> INPUT RECORDS
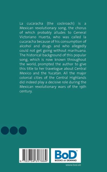 La cucaracha (the cockroach) is a Mexican revolutionary song, the chorus of which probably alludes to General Victoriano Huerta, who was called la cucaracha because of his consumption of alcohol and drugs and who allegedly could not get going without marihuana. The historical background of this popular song, which is now known throughout the world, prompted the author to give this title to her travelogue about Central Mexico and the Yucatán. All the major colonial cities of the Central Highlands did indeed play a decisive role during the Mexican revolutionary wars of the 19th century.
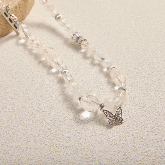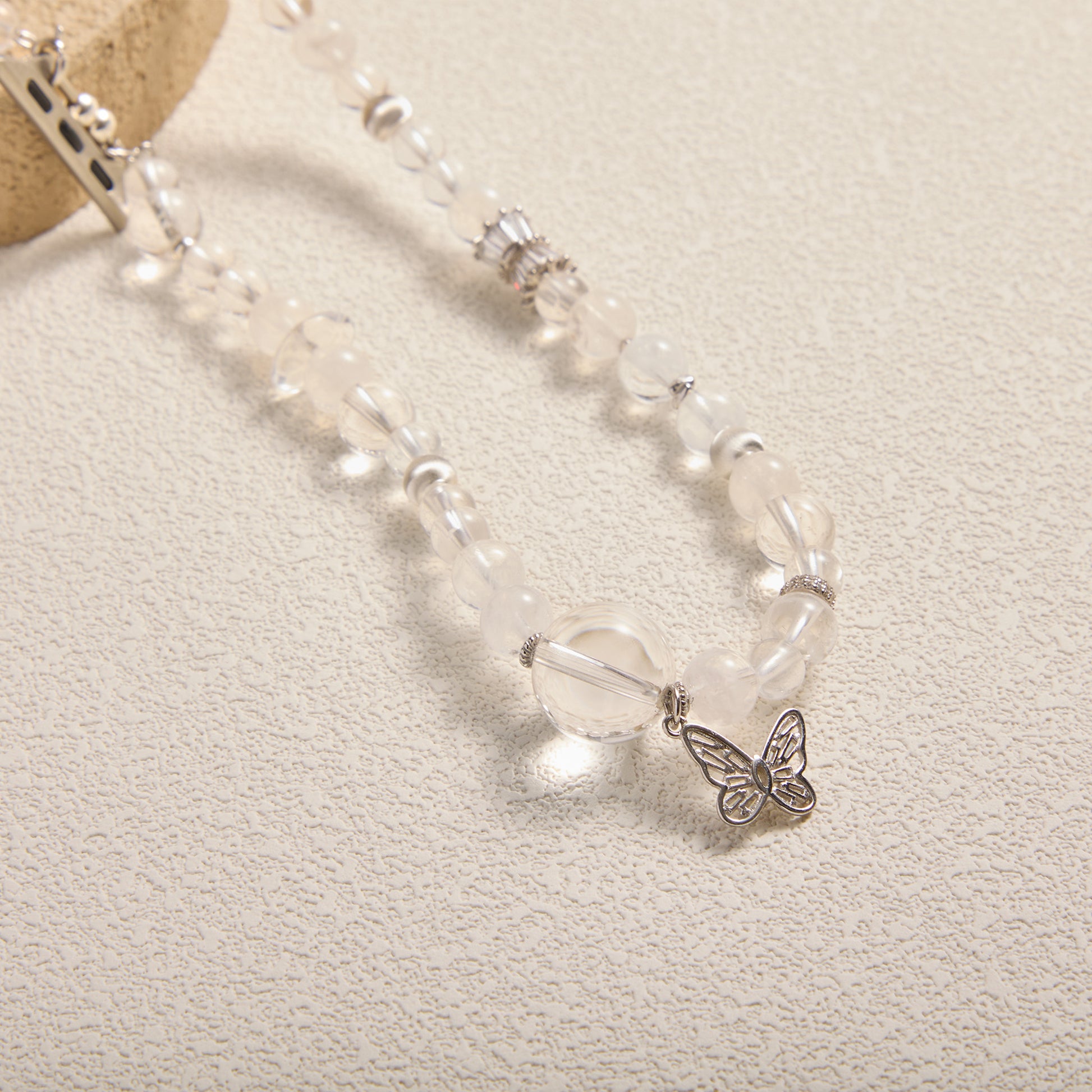 Ethereal and pure, this design unites the transparency of Clear Quartz with the soft luminescence of Moonstone, evoking the serenity of moonlit clouds. Each bead captures light in a whisper of glow—fluid, feminine, and enchanting.
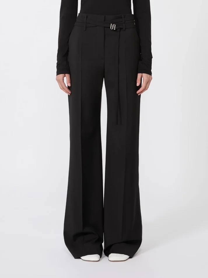 low-rise flared trousers with tailored construction and customised internal waistband. the style features a double-wrap belt at the waist and a metal s-buckle, an iconic element of the collection.
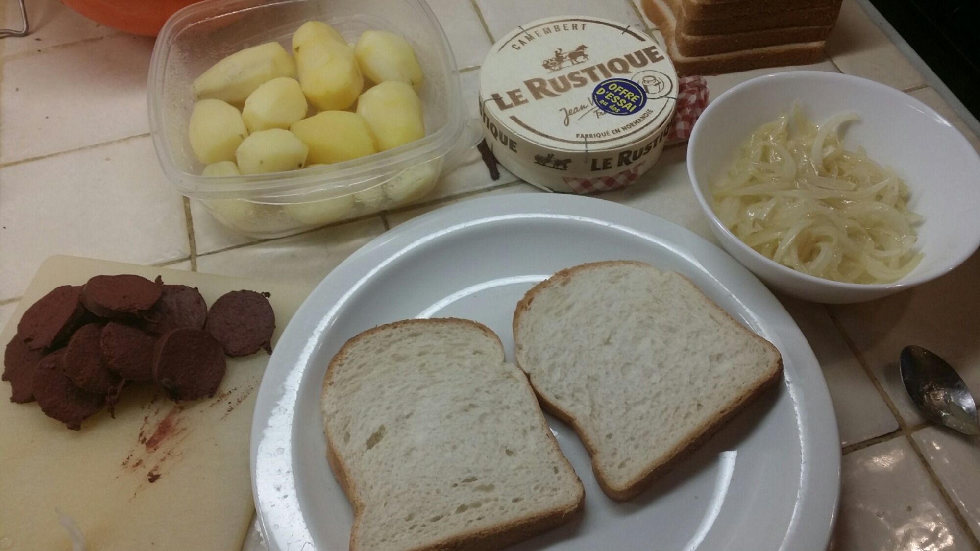 Et là …. miracle que vois je? Un croque monsieur? Mais oui voilà la solution hihihihi bon ok j’ai pas de pomme mais j’ai des pommes de terre 😉
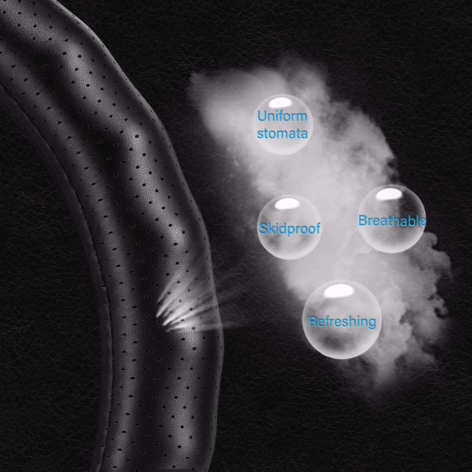 - TOP QUALITY MATERIAL: Black leather steering wheel cover is made of pure cowhide, natural, skidproof, stable. The entire steering wheel has only one interface!
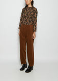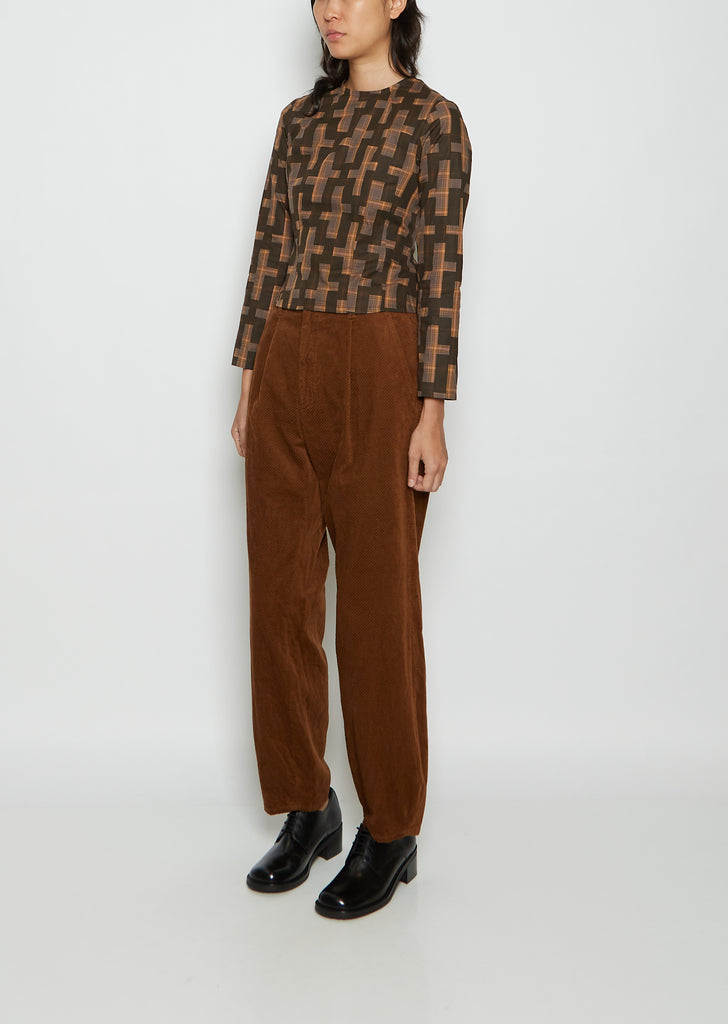 Blue Blue Japan brown multi long sleeve blouse with self ties and covered button closure at open back made from printed cotton. Shaped waist silhouette.
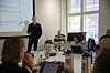 Prodekan Jon Magnussen ved Fakultet for medisin og helsevitenskap (MH) er prosjektleder for omstillingen ved fakultetet. Her fra en orientering for fakultetsstyret om omstillingen tidligere i år.
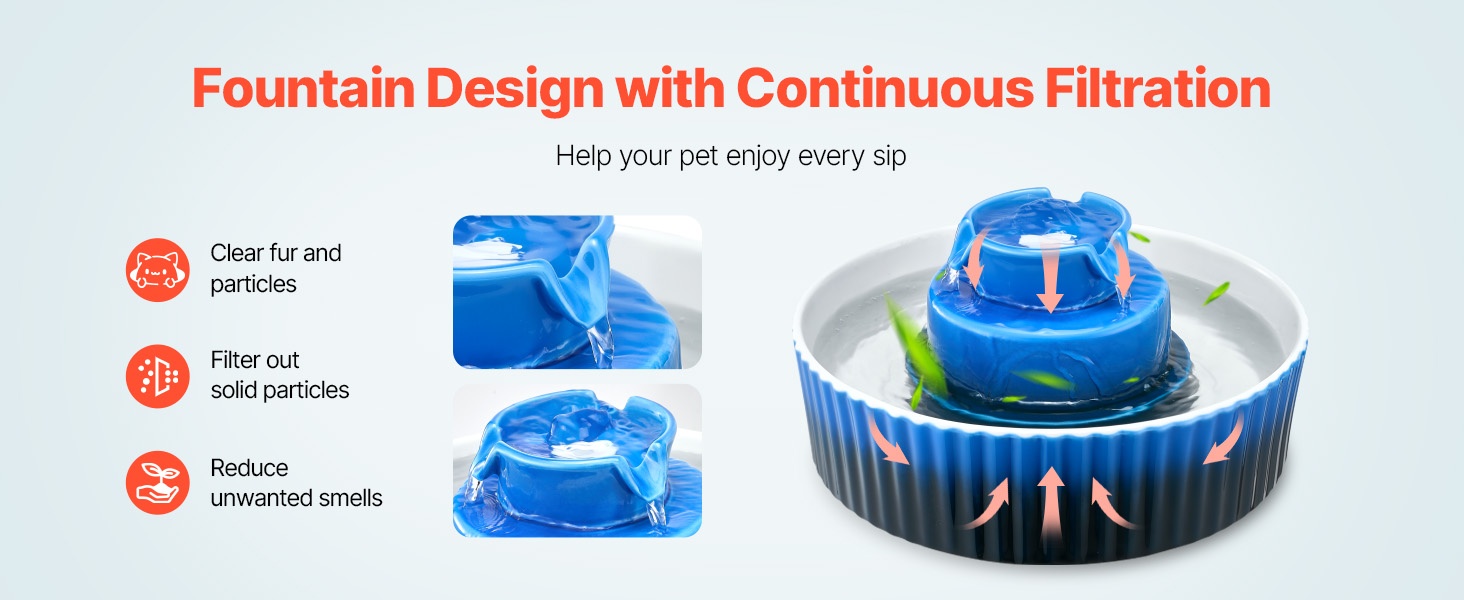 Keraaminen lemmikin juoma-allas, jonka tilavuus on 2.1 L ja 360° juoma-alue. Sileä, korkeassa lämpötilassa poltettu ja naarmuuntumista kestävä pinta on miellyttävä sekä kissoille että koirille. Kaksinkertainen suodatus pitää veden puhtaana, ja erittäin hiljainen 1.5W pumppu toimii alle 30 dB:n äänitasolla.
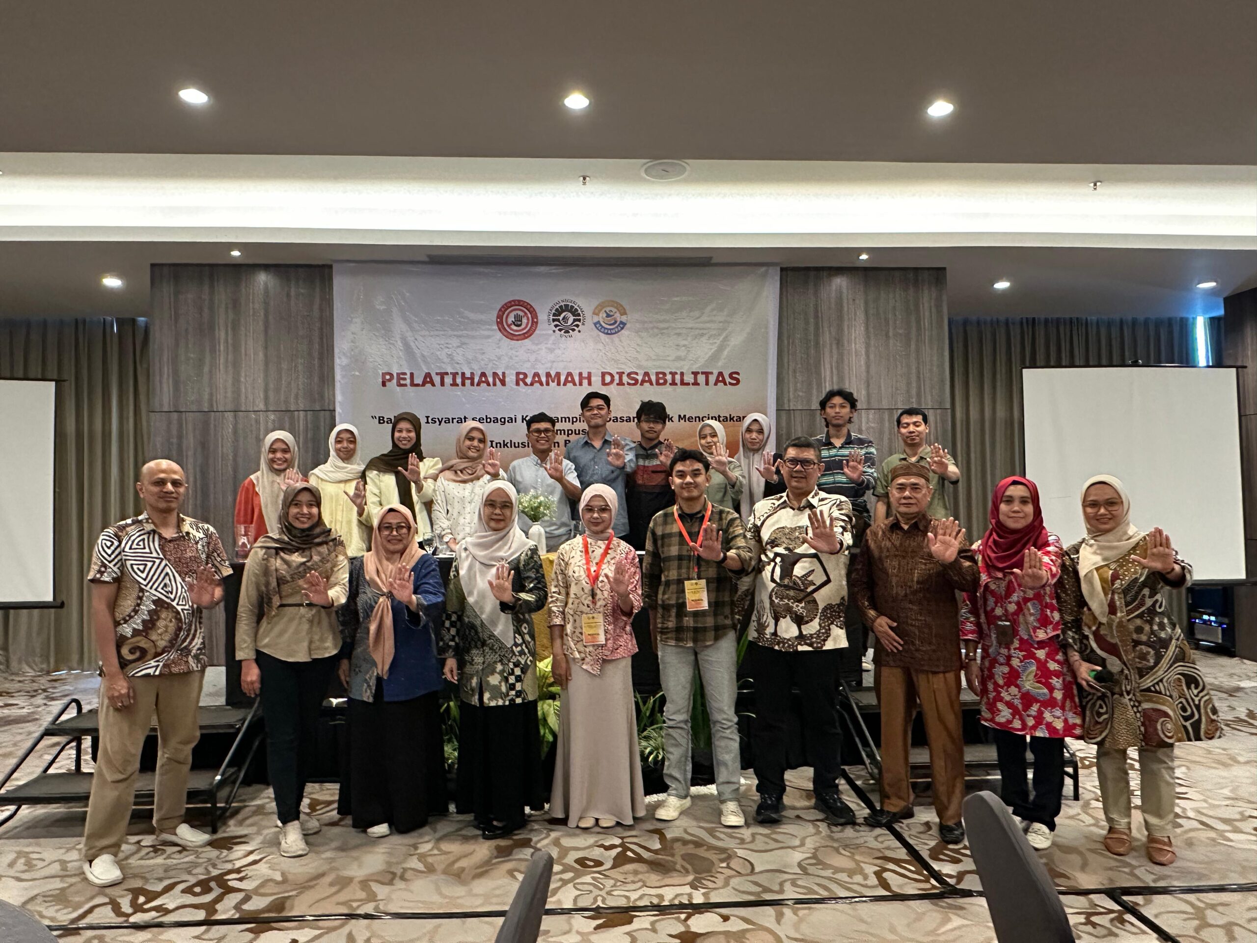 Makassar,zona redaksi.id– Dalam rangka mewujudkan lingkungan kampus yang aman dan bebas dari segala bentuk kekerasan, Satuan Tugas Pencegahan dan Penanganan Kekerasan Seksual (Satgas PPK) Universitas Negeri Makassar (UNM) menyelenggarakan Pelatihan Ramah Disabilitas dengan tema “Bahasa Isyarat sebagai Keterampilan Dasar untuk Menciptakan Kampus yang Inklusif dan Bebas Kekerasan.”
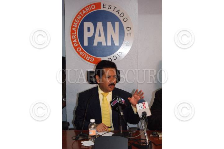 TOLUCA, ESTADO DE MÉXICO, 14SEPTIEMBRE2010.- Luis Sánchez Sánchez, diputado del Partido de la Revolución Democrática (PRD) en el Congreso del Estado de México, ofreció junto con sus compañeros de bancada y del Partido Acción Nacional (PAN), una conferencia de prensa a los medios de comunicación para dar a conocer su inconformidad respecto a la iniciativa para la extinción de las candidaturas comunes en el Congreso local. FOTO: JAIME ARRIAGA/CUARTOSCURO.COM
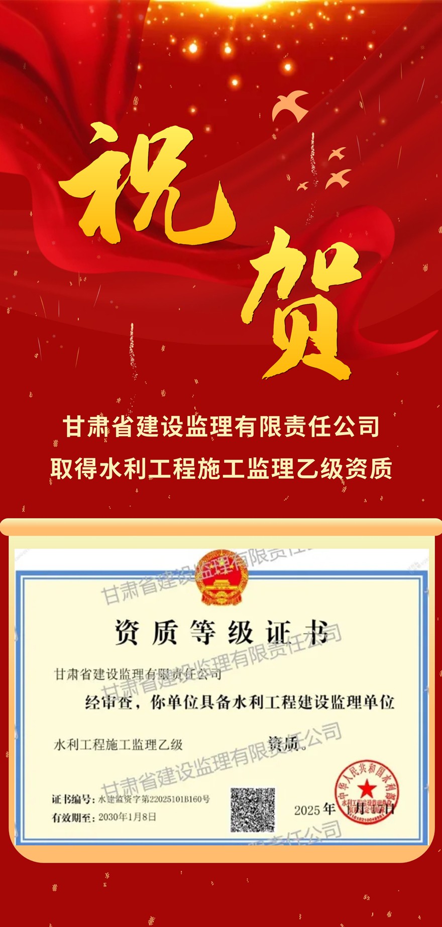 省建設(shè)監(jiān)理公司取得水利工程施工監(jiān)理乙級(jí)資質(zhì)
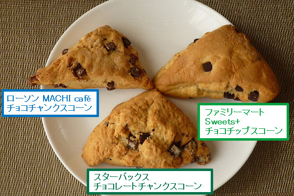 ゴツゴツしたスターバックス、シャープなローソン、ふっくらしたファミリーマートのスコーン
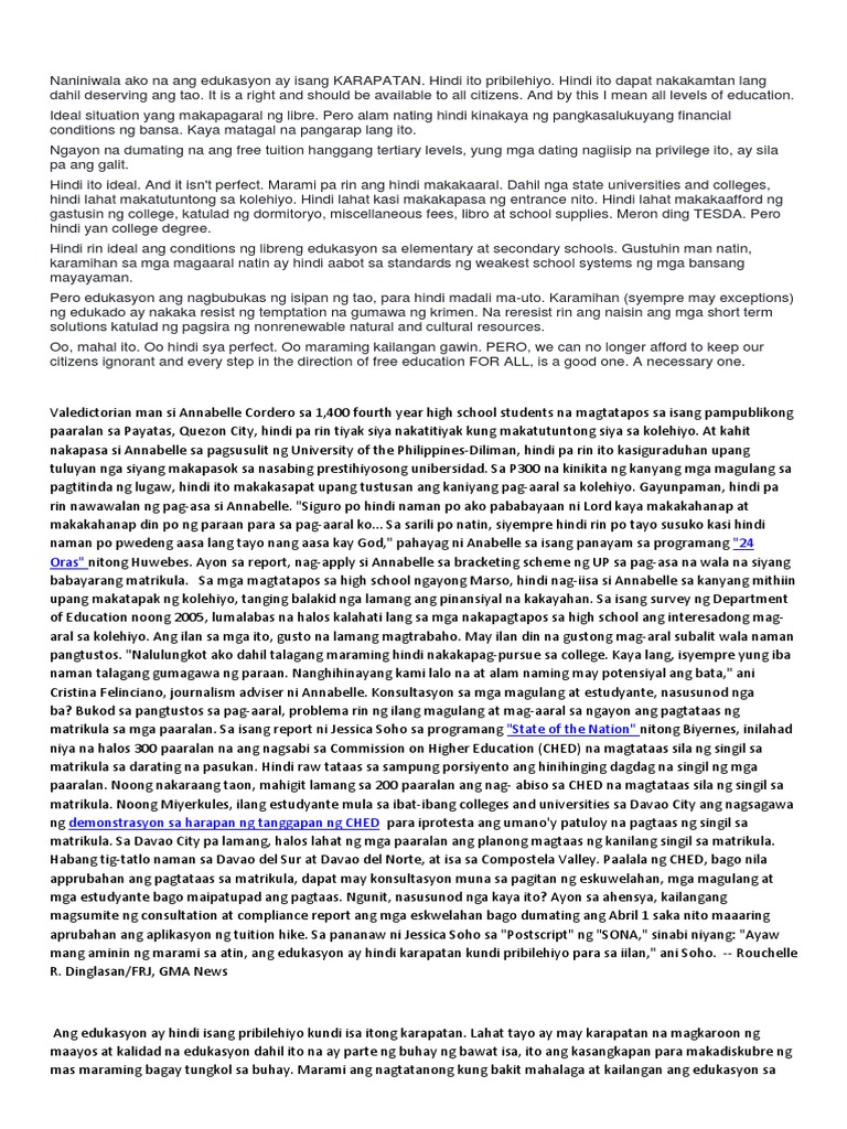 Danika Palanca Uncategorized July 24 2018 1 Minute. Napanood ko sa balita kanina na sa susunod na taon ay nagbabadyang tumaas na naman ang tuition fees sa ibat ibang unibersidad at kolehiyo at dahil dito maaring dumami na naman ang. 12062013 Sa madaling sabi ANG EDUKASYON AY KARAPATAN AT HINDI ISANG PRIBILEHIYO.

> TASK DESCRIPTION
A faithful copy is needed: reproduce all of the data above, leaving the pictures out.

> ANSWER SPACE
 La cucaracha (the cockroach) is a Mexican revolutionary song, the chorus of which probably alludes to General Victoriano Huerta, who was called la cucaracha because of his consumption of alcohol and drugs and who allegedly could not get going without marihuana. The historical background of this popular song, which is now known throughout the world, prompted the author to give this title to her travelogue about Central Mexico and the Yucatán. All the major colonial cities of the Central Highlands did indeed play a decisive role during the Mexican revolutionary wars of the 19th century.
 Ethereal and pure, this design unites the transparency of Clear Quartz with the soft luminescence of Moonstone, evoking the serenity of moonlit clouds. Each bead captures light in a whisper of glow—fluid, feminine, and enchanting.
 low-rise flared trousers with tailored construction and customised internal waistband. the style features a double-wrap belt at the waist and a metal s-buckle, an iconic element of the collection.
 Et là …. miracle que vois je? Un croque monsieur? Mais oui voilà la solution hihihihi bon ok j’ai pas de pomme mais j’ai des pommes de terre 😉
 - TOP QUALITY MATERIAL: Black leather steering wheel cover is made of pure cowhide, natural, skidproof, stable. The entire steering wheel has only one interface!
 Blue Blue Japan brown multi long sleeve blouse with self ties and covered button closure at open back made from printed cotton. Shaped waist silhouette.
 Prodekan Jon Magnussen ved Fakultet for medisin og helsevitenskap (MH) er prosjektleder for omstillingen ved fakultetet. Her fra en orientering for fakultetsstyret om omstillingen tidligere i år.
 Keraaminen lemmikin juoma-allas, jonka tilavuus on 2.1 L ja 360° juoma-alue. Sileä, korkeassa lämpötilassa poltettu ja naarmuuntumista kestävä pinta on miellyttävä sekä kissoille että koirille. Kaksinkertainen suodatus pitää veden puhtaana, ja erittäin hiljainen 1.5W pumppu toimii alle 30 dB:n äänitasolla.
 Makassar,zona redaksi.id– Dalam rangka mewujudkan lingkungan kampus yang aman dan bebas dari segala bentuk kekerasan, Satuan Tugas Pencegahan dan Penanganan Kekerasan Seksual (Satgas PPK) Universitas Negeri Makassar (UNM) menyelenggarakan Pelatihan Ramah Disabilitas dengan tema “Bahasa Isyarat sebagai Keterampilan Dasar untuk Menciptakan Kampus yang Inklusif dan Bebas Kekerasan.”
 TOLUCA, ESTADO DE MÉXICO, 14SEPTIEMBRE2010.- Luis Sánchez Sánchez, diputado del Partido de la Revolución Democrática (PRD) en el Congreso del Estado de México, ofreció junto con sus compañeros de bancada y del Partido Acción Nacional (PAN), una conferencia de prensa a los medios de comunicación para dar a conocer su inconformidad respecto a la iniciativa para la extinción de las candidaturas comunes en el Congreso local. FOTO: JAIME ARRIAGA/CUARTOSCURO.COM
 省建設(shè)監(jiān)理公司取得水利工程施工監(jiān)理乙級(jí)資質(zhì)
 ゴツゴツしたスターバックス、シャープなローソン、ふっくらしたファミリーマートのスコーン
 Danika Palanca Uncategorized July 24 2018 1 Minute. Napanood ko sa balita kanina na sa susunod na taon ay nagbabadyang tumaas na naman ang tuition fees sa ibat ibang unibersidad at kolehiyo at dahil dito maaring dumami na naman ang. 12062013 Sa madaling sabi ANG EDUKASYON AY KARAPATAN AT HINDI ISANG PRIBILEHIYO.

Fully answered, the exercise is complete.